What is expected: The output must match the entries below exactly, with pictures removed.

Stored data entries
_ _ _ _

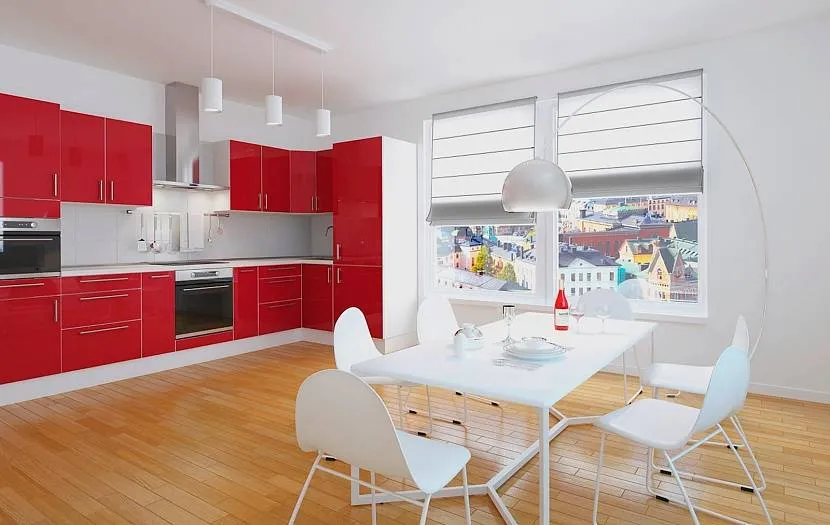 Особенно, если кухня имеет ориентацию на солнечную сторону, лучше использовать портьерную ткань. Для первых этажей актуальны полупрозрачные красные ткани, не мешающие естественному освещению, одновременно скрывающие личное пространство от чужих глаз.
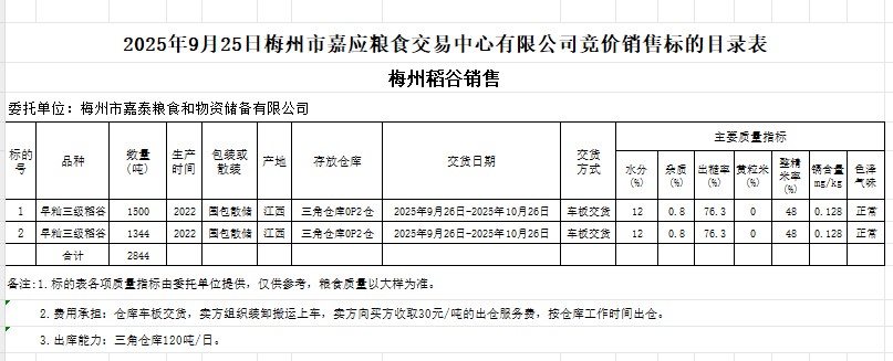受客戶委托,梅州市嘉應糧食交易中心有限公司定于2025年9月25日(星期四)舉辦糧食競價交易會。梅州市嘉泰糧食和物資儲備有限公司擬銷售2022年產早秈稻谷2844噸。
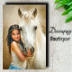 Feiern Sie die sanfte Schönheit dieses weißen Pferdes und die liebevolle Umarmung eines jungen Mädchens mit diesem entkoppelten Gewebe Papier-Design. Dieses großformatige Papier eignet sich ideal für Möbelmacher, rustikale Heimwerkerprojekte und Reitsportler. Freuen Sie sich auf Wärme, Unschuld und den Charme der Landschaft.
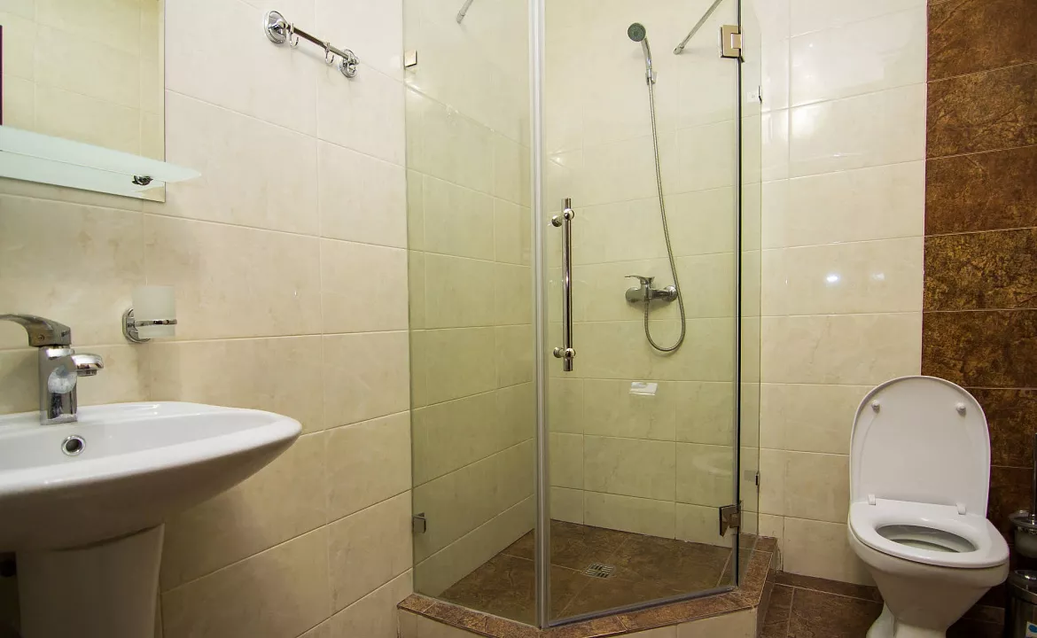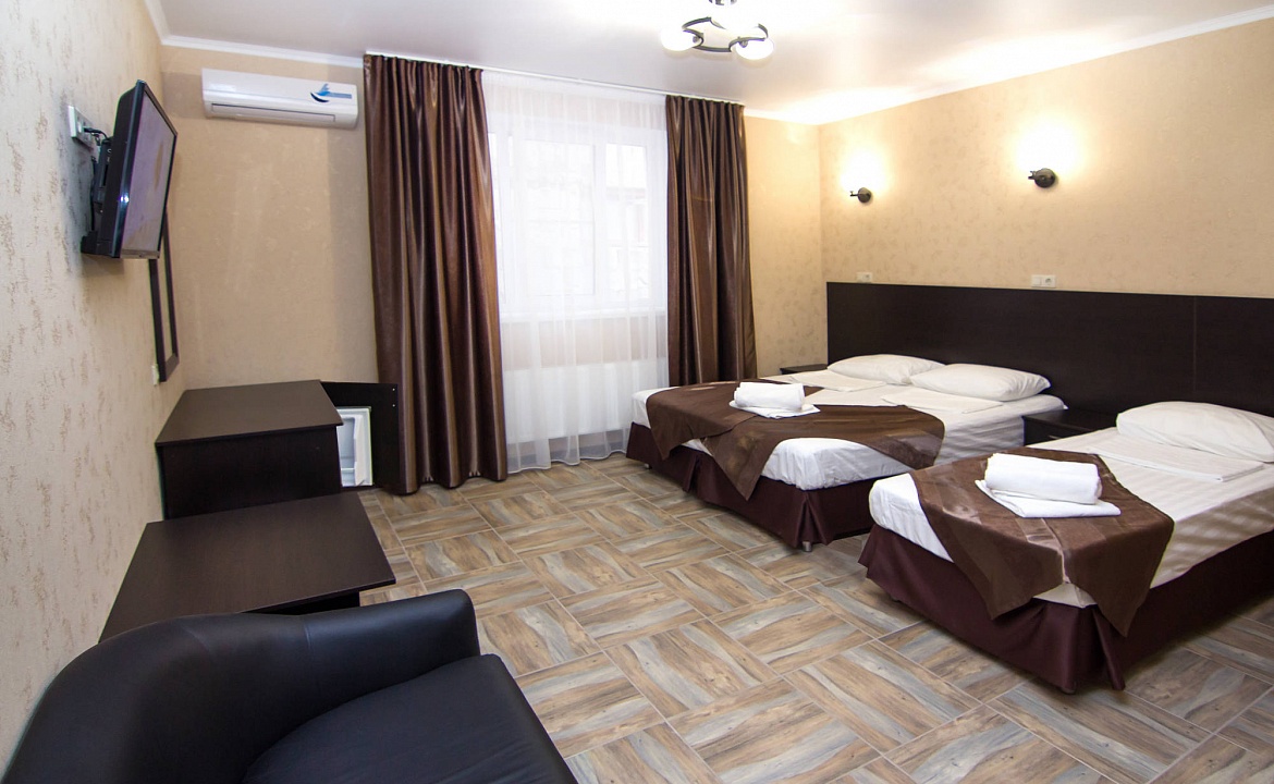 "Трехместный номер" - 22 кв.м с удобствами-(душ+туалет). Номер оборудован: 1 двуспальной кроватью + 1 односпальной кроватью или (3 односпальными кроватями) , шкафом для одежды, журнальным и письменным столом, тумбочками, ТВ, холодильником,кондиционером
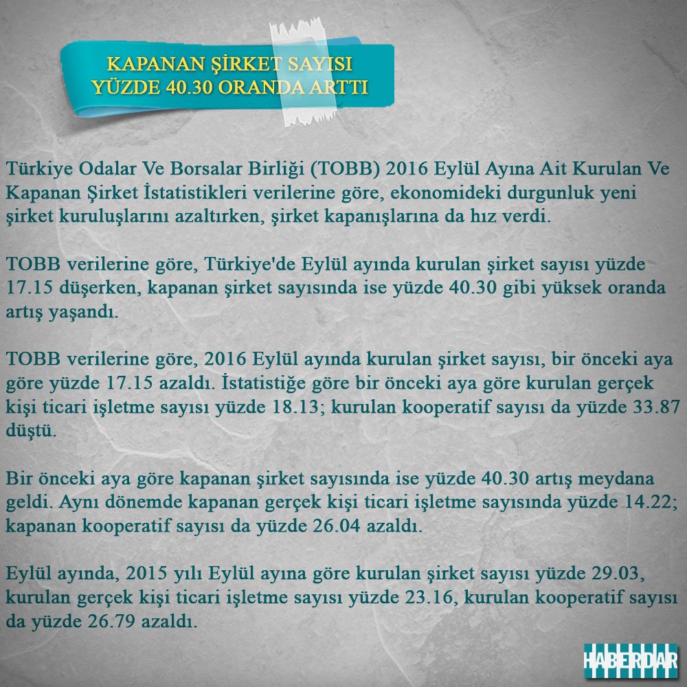 kapanan bir sirket yerine dort sirket
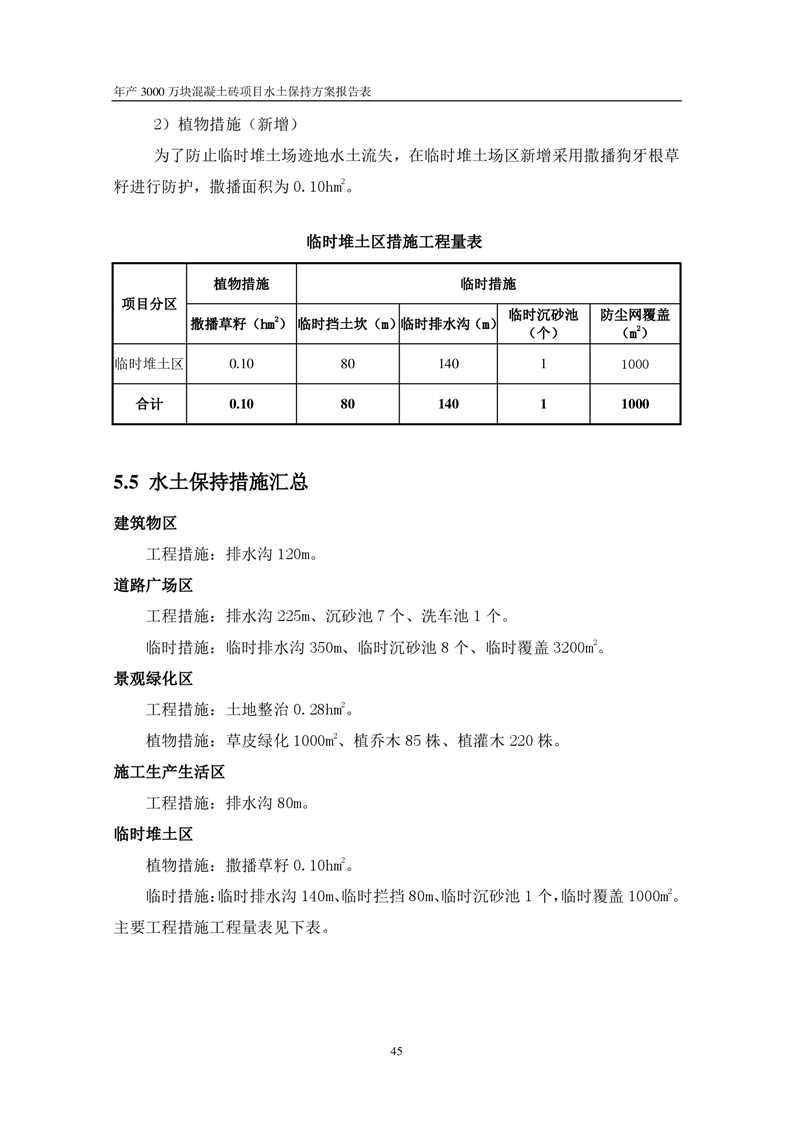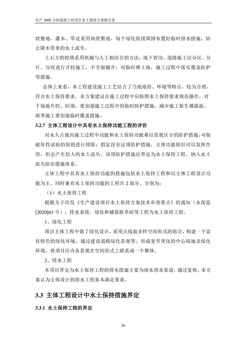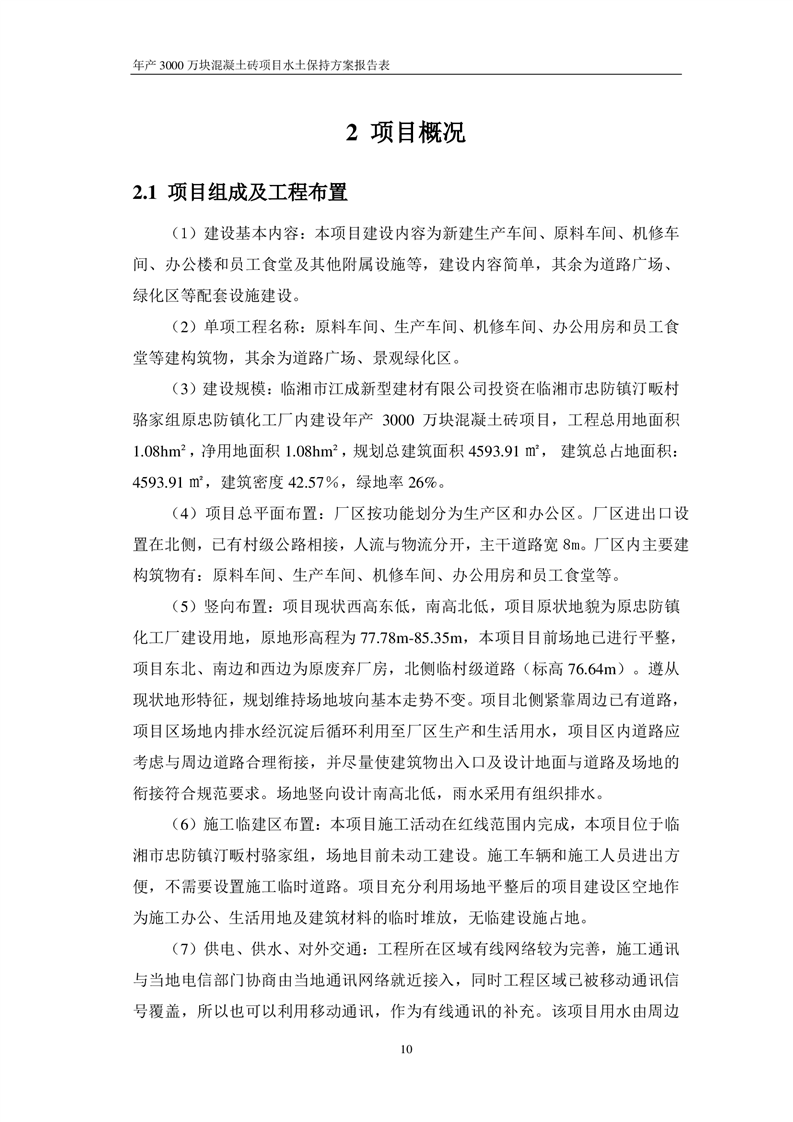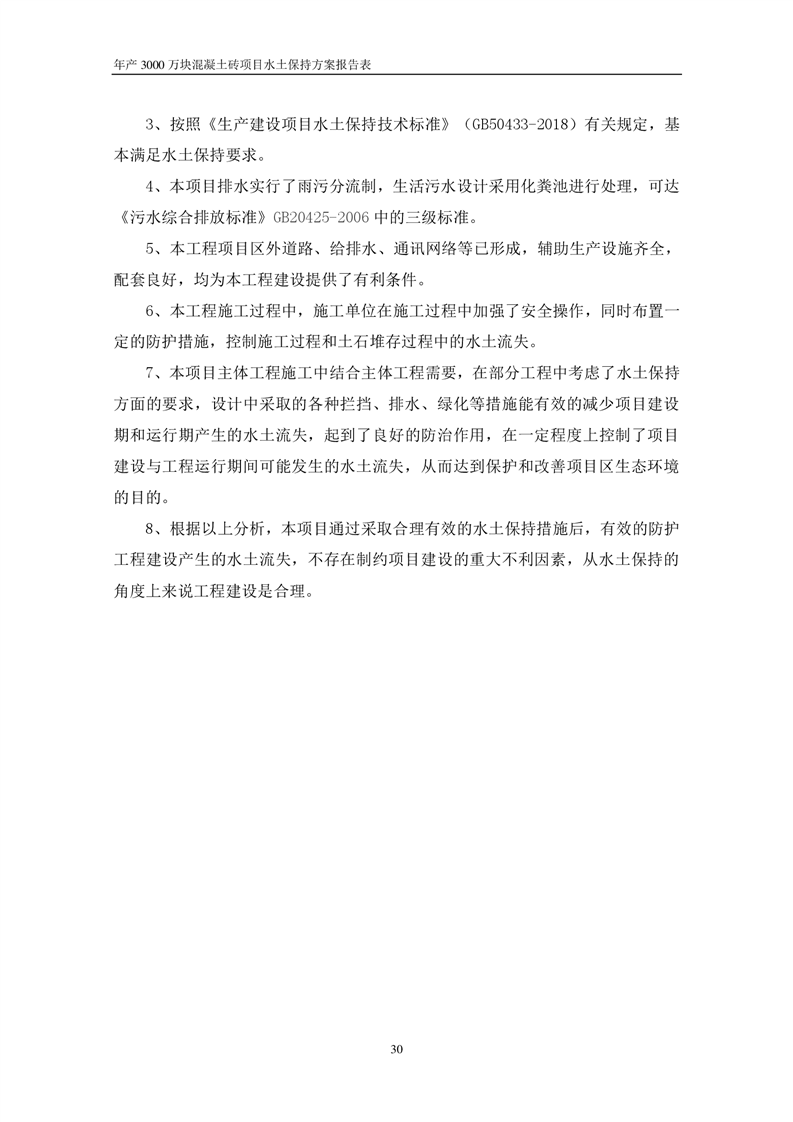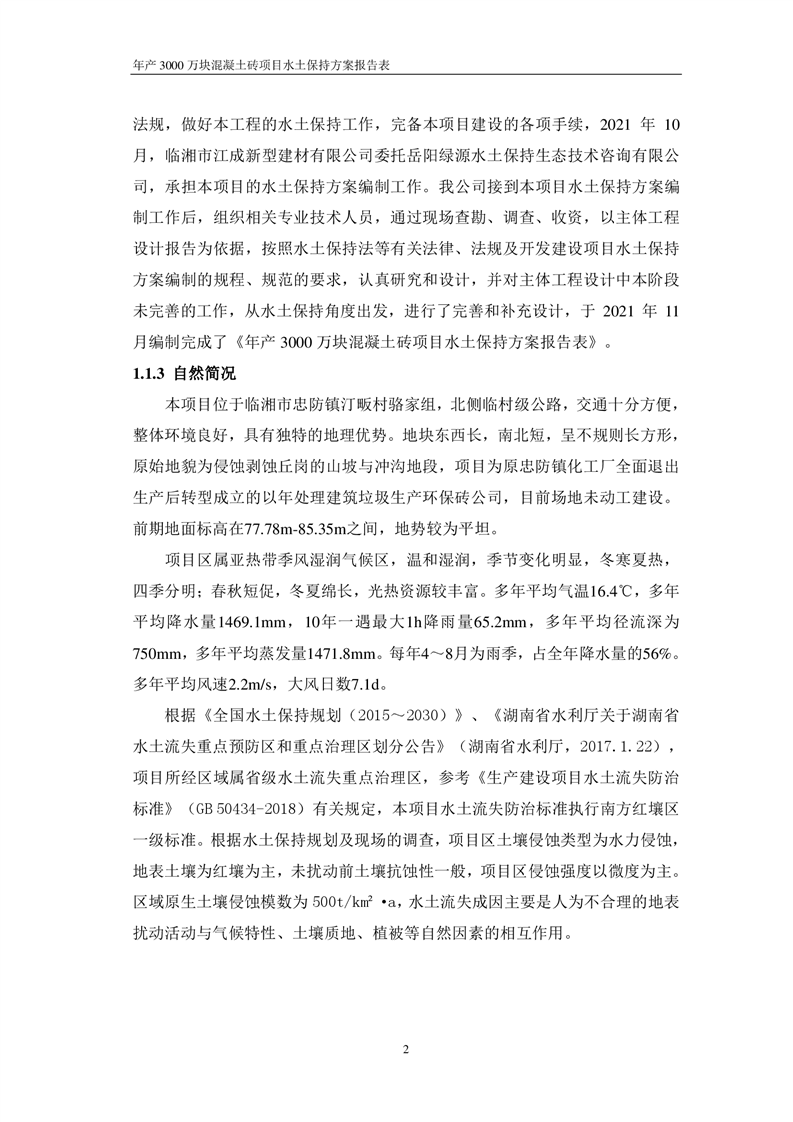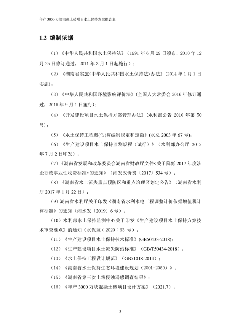 关于《年产 3000 万块混凝土砖项目水土保持方案》征求公众意见稿
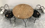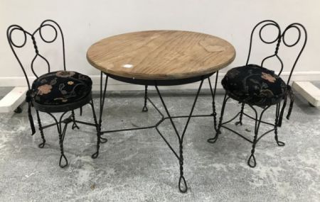 Child's Ice Cream Table and Chair Set, two iron child's chairs, iron base wood top child's ice cream table, 19"h., 24"dia. Child's Ice Cream Table and Chair Set, two iron child's chairs, iron base wood top child's ice cream table, 19"h., 24"dia.
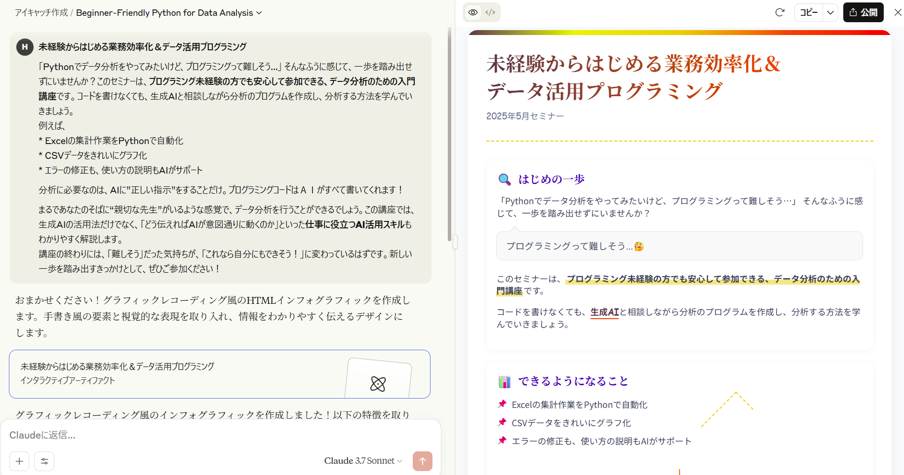 作成できるのはアプリだけではありません。例えば文章やpdfなどのコンテンツをHTML形式のインフォグラフィックに変換する、なんてこともできます。ここでは実験的に弊社のセミナー情報をインフォグラフィックにしてみました。

_ _ _ _

Solution to the problem:
 Особенно, если кухня имеет ориентацию на солнечную сторону, лучше использовать портьерную ткань. Для первых этажей актуальны полупрозрачные красные ткани, не мешающие естественному освещению, одновременно скрывающие личное пространство от чужих глаз.
受客戶委托,梅州市嘉應糧食交易中心有限公司定于2025年9月25日(星期四)舉辦糧食競價交易會。梅州市嘉泰糧食和物資儲備有限公司擬銷售2022年產早秈稻谷2844噸。
 Feiern Sie die sanfte Schönheit dieses weißen Pferdes und die liebevolle Umarmung eines jungen Mädchens mit diesem entkoppelten Gewebe Papier-Design. Dieses großformatige Papier eignet sich ideal für Möbelmacher, rustikale Heimwerkerprojekte und Reitsportler. Freuen Sie sich auf Wärme, Unschuld und den Charme der Landschaft.
 "Трехместный номер" - 22 кв.м с удобствами-(душ+туалет). Номер оборудован: 1 двуспальной кроватью + 1 односпальной кроватью или (3 односпальными кроватями) , шкафом для одежды, журнальным и письменным столом, тумбочками, ТВ, холодильником,кондиционером
 kapanan bir sirket yerine dort sirket
 关于《年产 3000 万块混凝土砖项目水土保持方案》征求公众意见稿
 Child's Ice Cream Table and Chair Set, two iron child's chairs, iron base wood top child's ice cream table, 19"h., 24"dia. Child's Ice Cream Table and Chair Set, two iron child's chairs, iron base wood top child's ice cream table, 19"h., 24"dia.
 作成できるのはアプリだけではありません。例えば文章やpdfなどのコンテンツをHTML形式のインフォグラフィックに変換する、なんてこともできます。ここでは実験的に弊社のセミナー情報をインフォグラフィックにしてみました。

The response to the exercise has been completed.